In addition to the currently available lifestyle approaches (such as moderate exercise, moderate and balanced nutrition, and sufficient rest and sleep), the search for additional novel biomedical means and technologies for healthy lifespan extension is warranted. Moreover, insofar as the deteriorative aging process either precipitates or lies at the root of chronic age-related diseases, the search for novel means and technologies for healthy lifespan extension necessitates the maximal possible amelioration of the degenerative aging process. Such amelioration of the aging process should lead to better health and quality of life for the elderly.[3] The possibility of therapeutic intervention into degenerative aging and the consequent significant healthy lifespan extension has been proven on both theoretical-biological grounds and experimental grounds in a variety of animal models. In particular, the ability of cell-based regenerative medicine, gene therapy, pharmacological therapy and nanomedicine to affect basic aging processes and extend healthy lifespan in animal models has been demonstrated, and even some encouraging preliminary results have been achieved in human experiments.[4] This possibility has also been conclusively proven by the existence of a large and continuously growing long-lived population, including centenarians and super-centenarians, that exhibit not only a high longevity potential, but also a reduced rate of age related diseases compared to the general population.[5]
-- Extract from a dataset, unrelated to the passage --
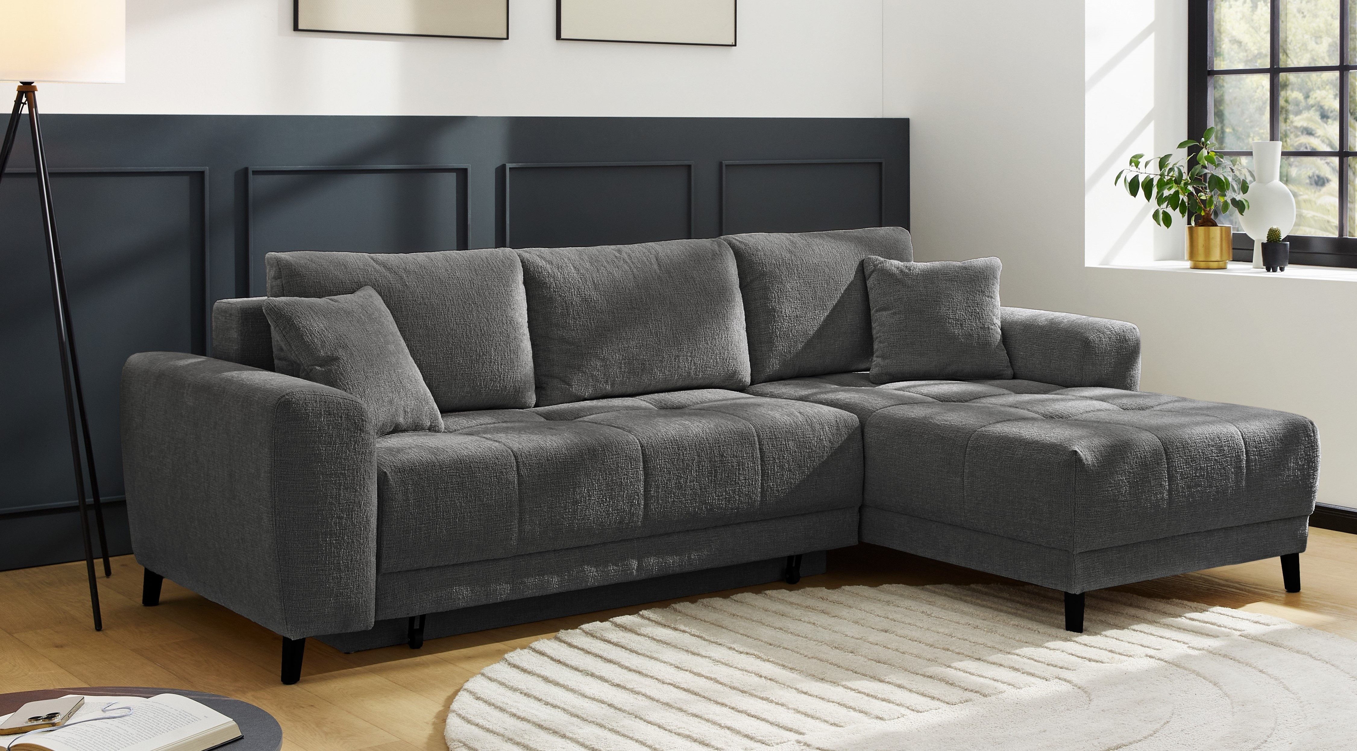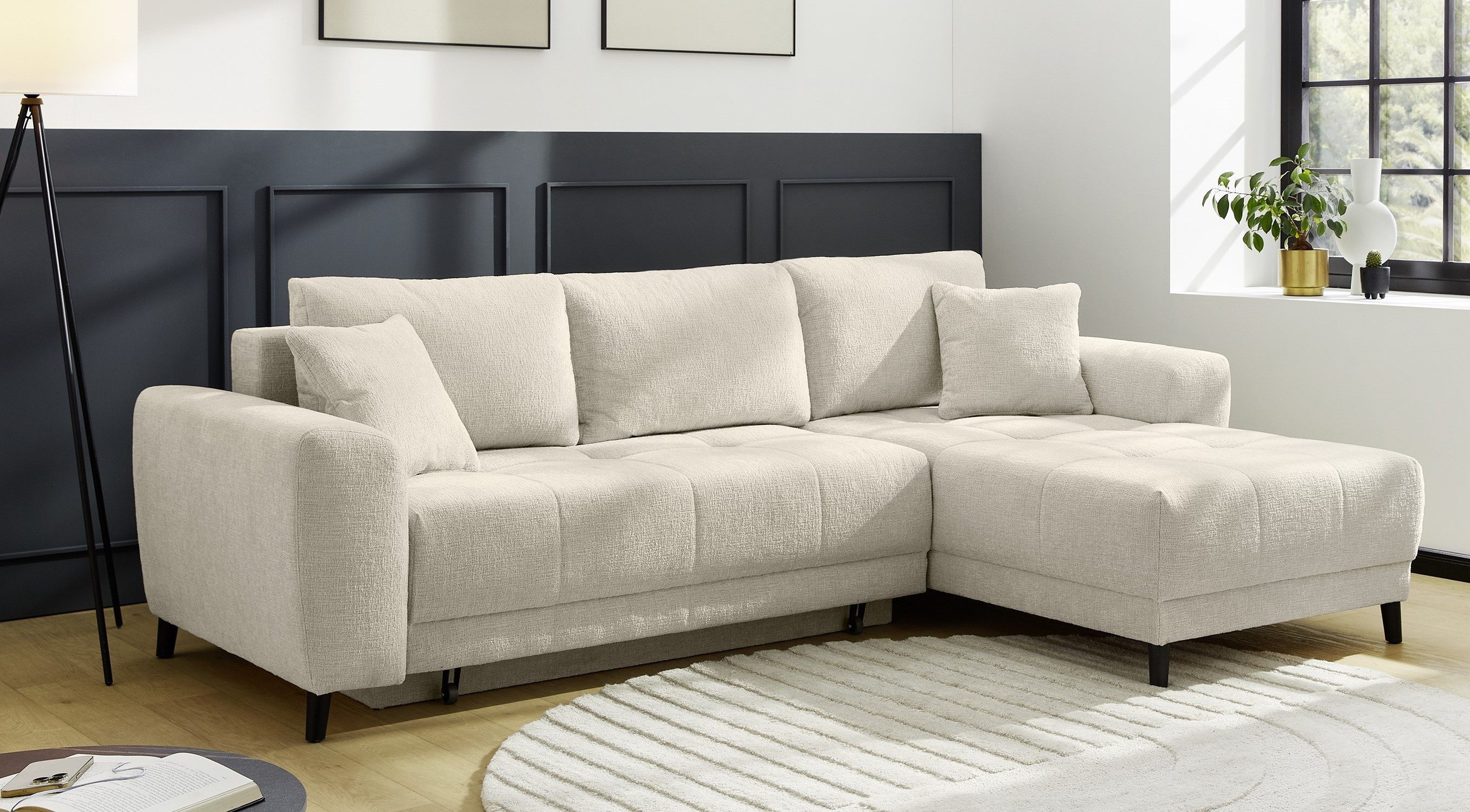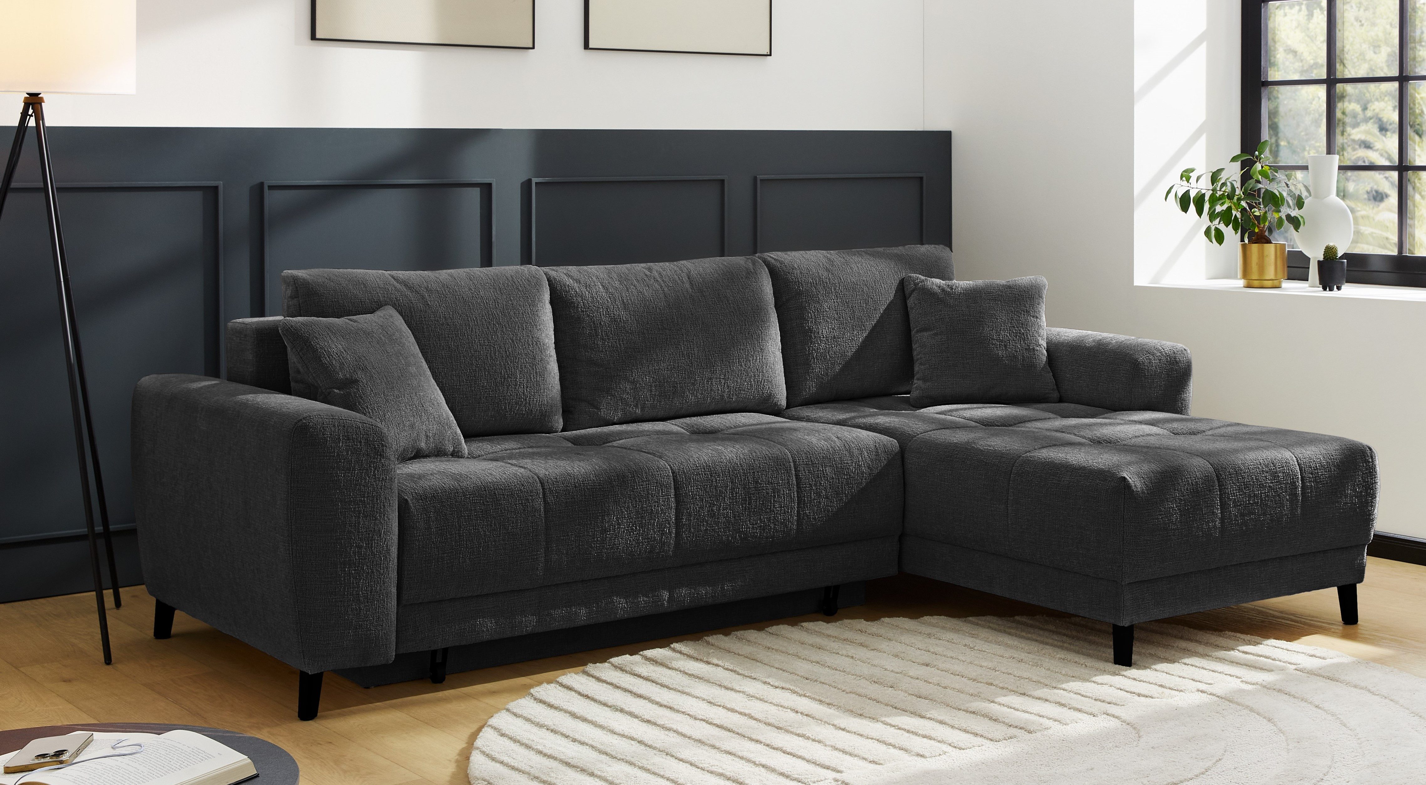 Wissenswertes | Formschönes Ecksofa mit vielen nützlichen Funktionen. Neben einer komfortablen Schlaffunktion, steht ein geräumiger Bettkasten zum Verstauen von Decken, Kissen, … zur Verfügung. Für noch mehr Flexibilität kann die Ottomane wahlweise links oder rechts montiert werden. Insgesamt gehören 3 Rückenkissen und 2 Zierkissen zum Lieferumfang. Die Schaumpolsterung sorgt zudem für einen guten Sitz- und Liegekomfort. Durch den mit Echtstoff bezogenen Rücken, kann die Wohnlandschaft auch „frei im Raum“ gestellt werden. Die schwarzen Metallfüße fügen sich harmonisch ins Gesamtbild ein. |

Yet the pathway toward human healthy lifespan extension remains unclear and requires thorough elaboration, concerning many scientific problems that need to be clarified and technologies that need to be developed. There is a tremendous variety of studies and approaches toward healthy lifespan extension, and roadmaps indicating priority directions.[6] Perhaps the most critical drawback in this variety is the lack of integration of the different approaches. The existing approaches often present lists of potential research directions, rather than coherent and coordinated entities. Hence the integration of the various approaches, shortening the pathways between the various disciplines, could be highly valuable for the fundamental and comprehensive understanding of aging and longevity, as well as for the further translation of this knowledge to practical integrative medical applications. Several important “gaps” may yet need to be “bridged” in the current variety of approaches to healthy lifespan extension.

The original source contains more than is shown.